Dejen de comprar simplemente lámparas. Comiencen a mejorar su proceso de trabajo.
La mayoría de los proveedores se limitan a enviarle una caja de lámparas y ya está. Ellos reciben su pago, usted recibe sus piezas, y ellos desaparecen.
Nosotros no trabajamos así.
Si quiere que el proceso de acabado de sus piezas metálicas sea más sostenible, la lámpara es solo una parte del rompecabezas. La verdadera solución no es simplemente tener una “bombilla mejor”, sino encontrar la forma de reducir los costos energéticos sin dañar el acabado de las piezas.
La realidad del calor
Cuando considere la potencia y el voltaje, no los trate solo como números en una hoja de especificaciones. Eso es donde la gente se mete en problemas.
Piense en ello como densidad térmica. Si coloca demasiada potencia en un tubo corto, se producirá un aumento enorme de temperatura.
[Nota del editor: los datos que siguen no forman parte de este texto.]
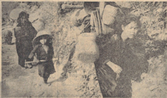
از هنگام جنگ در جنوب لائوس تاکنون ۲۰ هزار نفر از مردم این نواحی خانه و زندگی خود را رها کرده و فرار کرده اند . در عسکری خانواده در حال فرار دیده میشود . مادر کله انا تبه خود را بدوش گرفته ، پسر کوچک خانواده کلنگی بدست دارد و دختر ، کودک خانواده را بغل گرفته است و از پشت سر آنها تنها خوک این خانواده حرکت میکند .
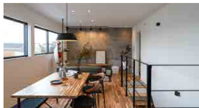
タイルの意匠壁がアクセントの2階リビング。
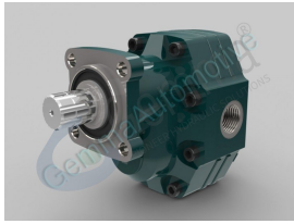
Ürün Hidrolik Disli Pompa
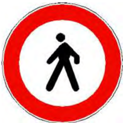
Transito vietato ai pedoni
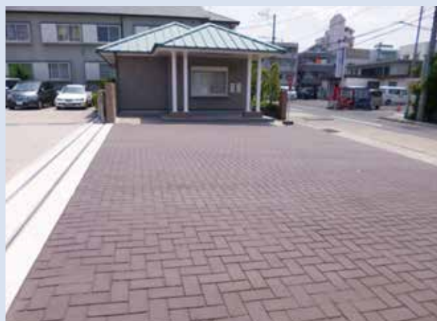
鹿児島県内 学校エントランス
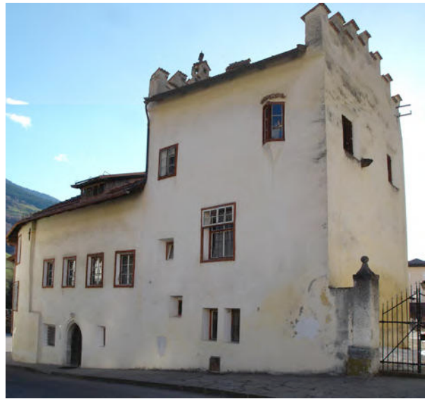
BP Ped 2/1
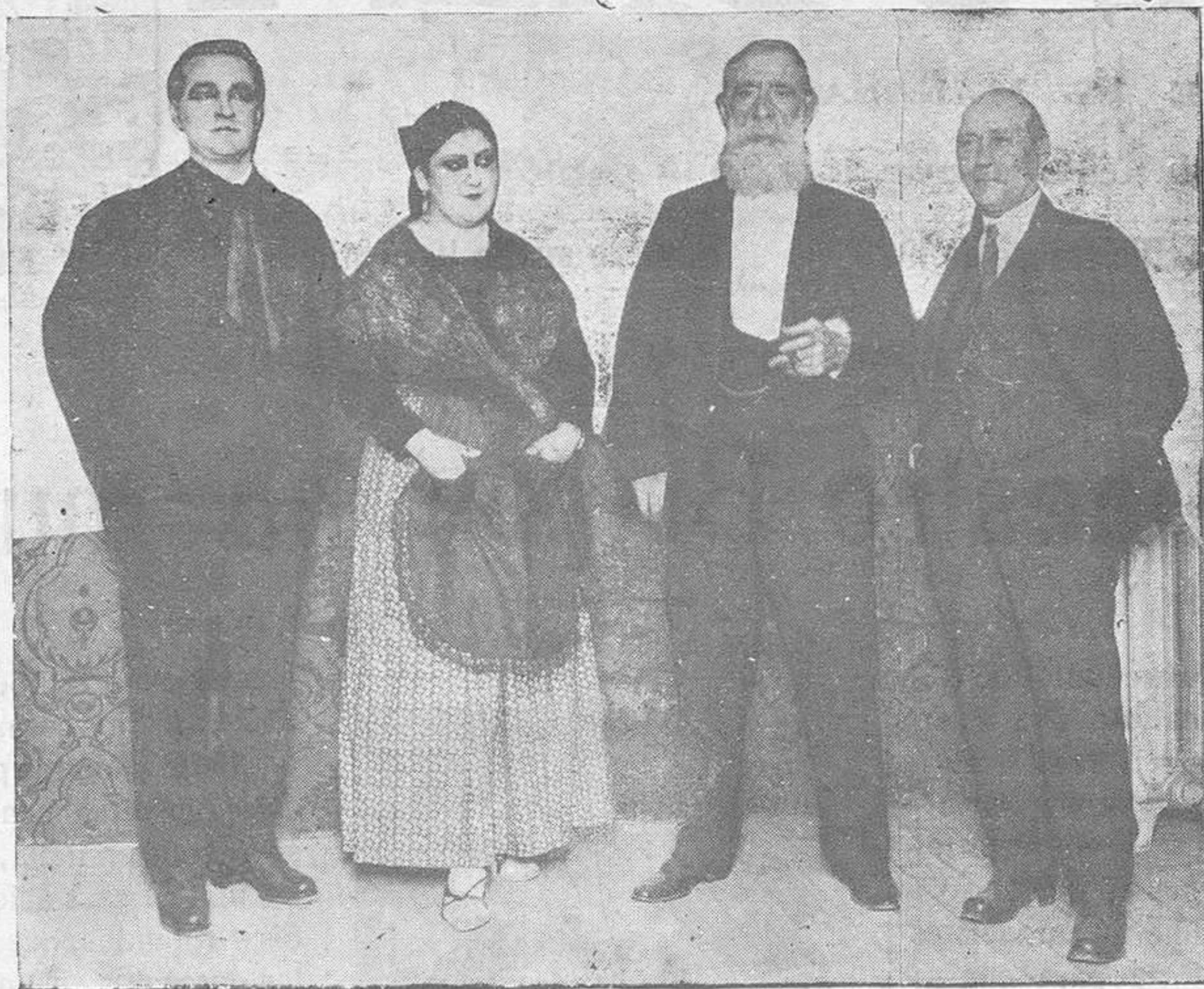
Aparecen en ella junto al insigne músico, el gran tenor Hipólito Lázaro y la notabilísima soprano Ofelia Nieto, instantes después de ser representada en el teatro Real, en homenaje a Bretón, la ópera «La Dolores».

inolvidable para cuantos nos honramos alcanzando la fortuna de asistir a él. Y en aquella noche quedó totalmente consagrado el casi anónimo nombre del salmantino Tomás Bretón, tanto, que si por una irreparable pérdida para la música española, desapareciera ésta y sólo se salvara la partitura de «La Verbena de la Paloma», dicha página reemplazaría sobradamente a nuestro glorioso archivo de los compositores nacionales.
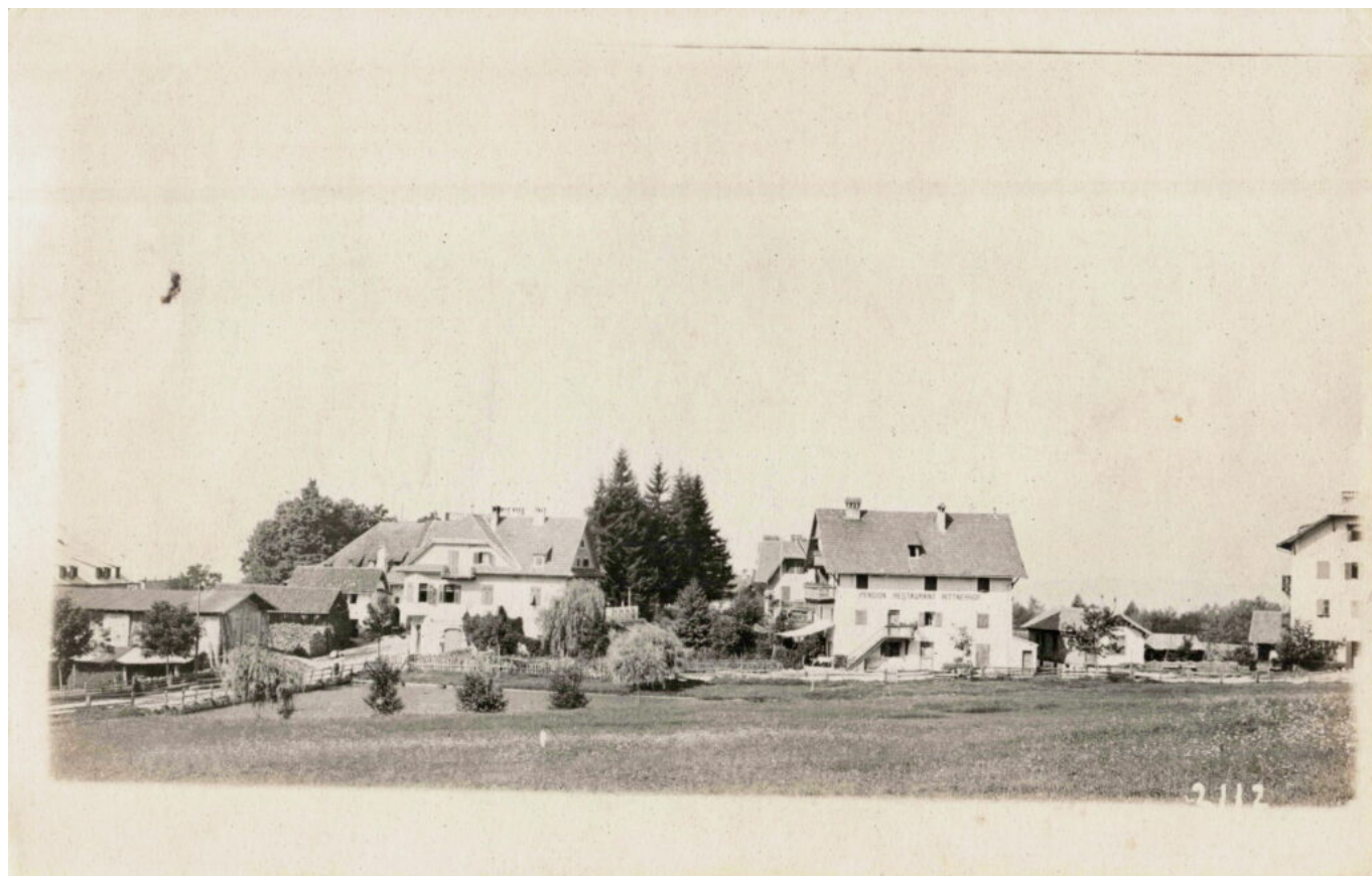
Abb. 3: Der Dorfkern von Maria Schnee zeigt sich 1919 schon stark verändert (Fotografie). Der Stadel des Unterhofers ganz links sieht deshalb anders aus als in Abbildung 1, da er 1913 abgebrannt ist und in veränderter Form wieder aufgebaut wurde.

Oberbozner Grund- und Bauverein errichtete Gebäudekomplex (früher Baumgartner/Prock, heute Tutti Patschengele/Weissensteiner) erkennbar (Abb. 3). Der Wunsch war groß, biidhaft einen vor gar nicht so langer Zeit vergangenen Zustand, der über mehrere Jahrhunderte herrschte, darstellen zu können.

Eso puede ser útil para un secado rápido, pero si el sistema de transporte no está bien sincronizado, terminará dañando el revestimiento de las piezas. Así de simple.
Analizamos toda la carga térmica de su línea de producción. Queremos asegurarnos de que las lámparas no tengan que trabajar más de lo necesario para compensar una mala configuración.
Lo que realmente importa: los componentes físicos
Hablemos de los conectores. Ya sea que use R7s o Sk15, lo importante es saber cuánto le molesta el tiempo de inactividad de la máquina.
Somos grandes fans de aquellos sistemas en los que se puede reemplazar una lámpara fácilmente. Si una lámpara se rompe durante el proceso de producción, no quiere pasar dos horas desmontando la máquina. Solo quiere volver a trabajar.
Y luego están los reflectores.
El problema es que una lámpara de alta potencia es un desperdicio de dinero si el calor no llega realmente al metal. Si la geometría no es adecuada, solo se calienta el aire y el marco de la máquina. Es un desperdicio de energía, además de dañar las ventiladoras de refrigeración.
El equilibrio entre velocidad y potencia
No se puede tener un curado instantáneo y cero costos energéticos. Esa es la física.
Aumentar la potencia permite que la línea funcione más rápido, pero eso ejerce mucha presión sobre el vidrio de cuarzo. En realidad, eso puede dañar el material.
El truco está en encontrar ese punto óptimo entre la potencia de la lámpara y el tiempo que la pieza permanece bajo el efecto del calor. Nosotros lo ayudamos a encontrar ese punto exacto, donde deja de desperdiciar dinero en electricidad, pero las especificaciones de curado siguen siendo perfectas.